Since this hypothesis was first proposed in the early eighties, a huge body of evidence has accumulated supporting the view that a number of diseases are caused by molecular mimicry. Over the next several months, this column will review autoimmune disorders. The coverage of this topic is due to the recent resurgence of interest among researchers, clinicians, and families in autoimmunity hypotheses and their possible involvement in the etiologies of childhood neuropsychiatric disorders.
A large amount of data has demonstrated both structural similarities and antigenic cross-reaction of various bacterial, viral, and protozoan antigens with proteins in human tissues or cellular components of those tissues. Much circumstantial evidence links the onset or exacerbation of autoimmune disease with recent infections. In animal models, immunization with either viral peptides or their tissue antigen homologues can result in the development of autoimmune tissue destruction that closely mimics certain autoimmune diseases. Similarly, autoimmunity can be triggered very efficiently in certain animal models by systemic viral infections. A direct cause-and-effect relationship for infection and naturally occurring autoimmune disease in humans still eludes us. Nonetheless, a presumptive role of infectious organisms is now accepted in many autoimmune diseases, including insulin-dependent diabetes mellitus (coxsackie viruses), HLA-B27–associated ankylosing spondylitis (various Gram-negative bacteria), Guillain-Barré syndrome (Campylobacter), myasthenia gravis (herpesvirus), lyme disease arthropathies (Borrelia), and multiple sclerosis (various viruses).
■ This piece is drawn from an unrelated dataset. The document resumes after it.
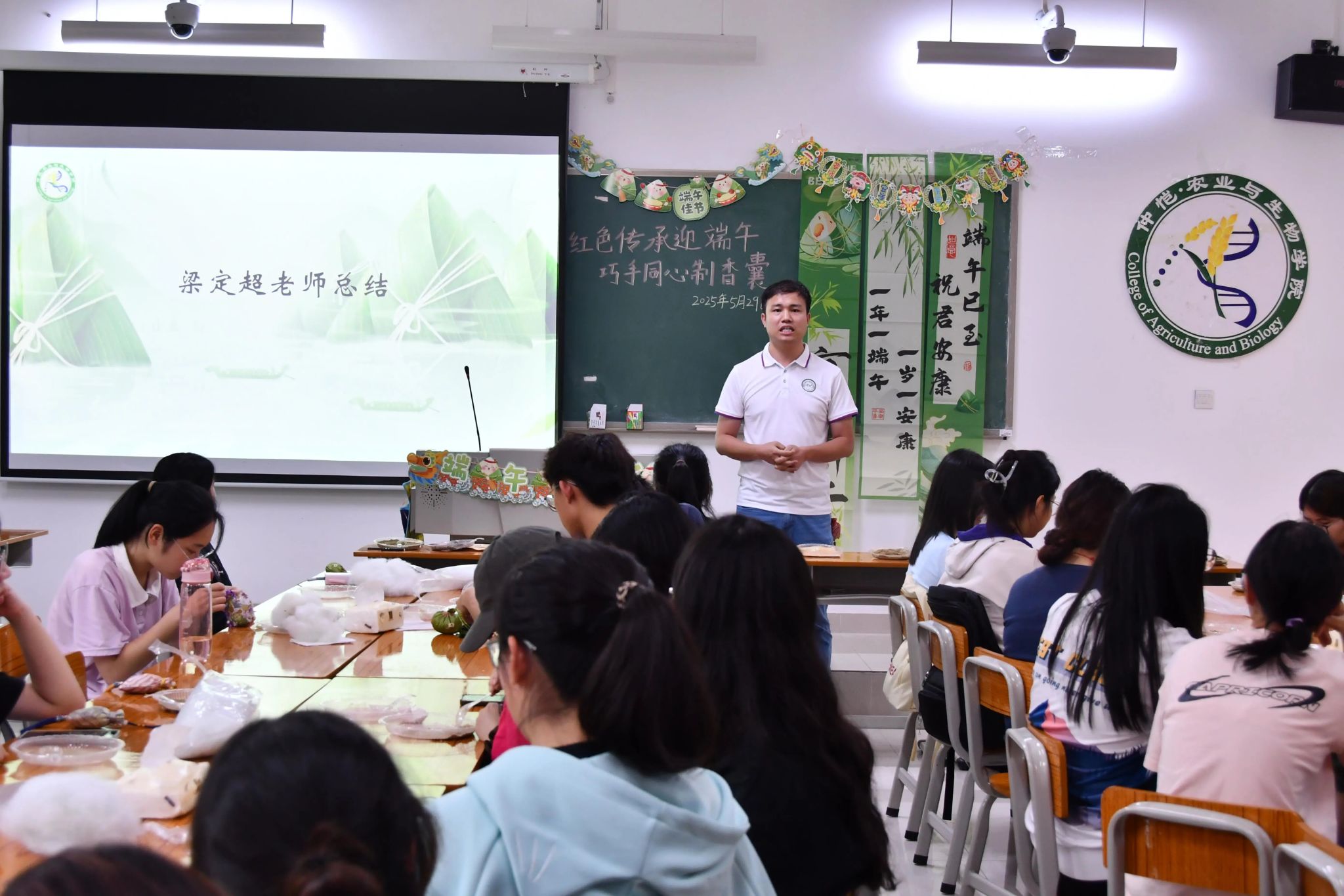 随后,梁定超为本次活动作总结。他强调端午节作为中华民族重要的传统节日,承载着华夏文明的精神内涵,当代青年学子应当自觉传承这份文化遗产。青年学子当以"各美其美"的文化自信,将菖蒲艾叶的清香转化为讲好中国故事的能力。学院举办传统香囊制作活动,旨在通过实践体验增进同学们对端午文化精髓的理解,增强对家国情怀理解,感悟其中所蕴含的深厚人文精神,让这份精神滋养心灵,让传承生生不息。在表达端午安康祝福之后,他还着重提醒全体学生:期末考试在即,务必恪守考试诚信准则,展现新时代大学生的品格修养。

Multiple sclerosis (MS) is a prime example of an autoimmune disease in which the circumstantial evidence for a viral trigger is becoming almost overwhelming. As yet, however, there is still no “smoking gun.” MS is caused by the immunological destruction of myelinated nerves. It has a strong genetic element to its etiology, with almost two thirds of sufferers carrying the HLA DR2 allele. Monozygotic twins have a 30% concordance rate (10-fold higher than dizygotic twins have). The fact that the concordance rate in monozygotic twins is not 100% strongly suggests that environmental factors play an important role. There is also an intriguing finding that individuals who migrate from an area of high incidence to one of low incidence before their 15th birthday carry the lower risk factor, while those who migrate after this age retain the high risk factor.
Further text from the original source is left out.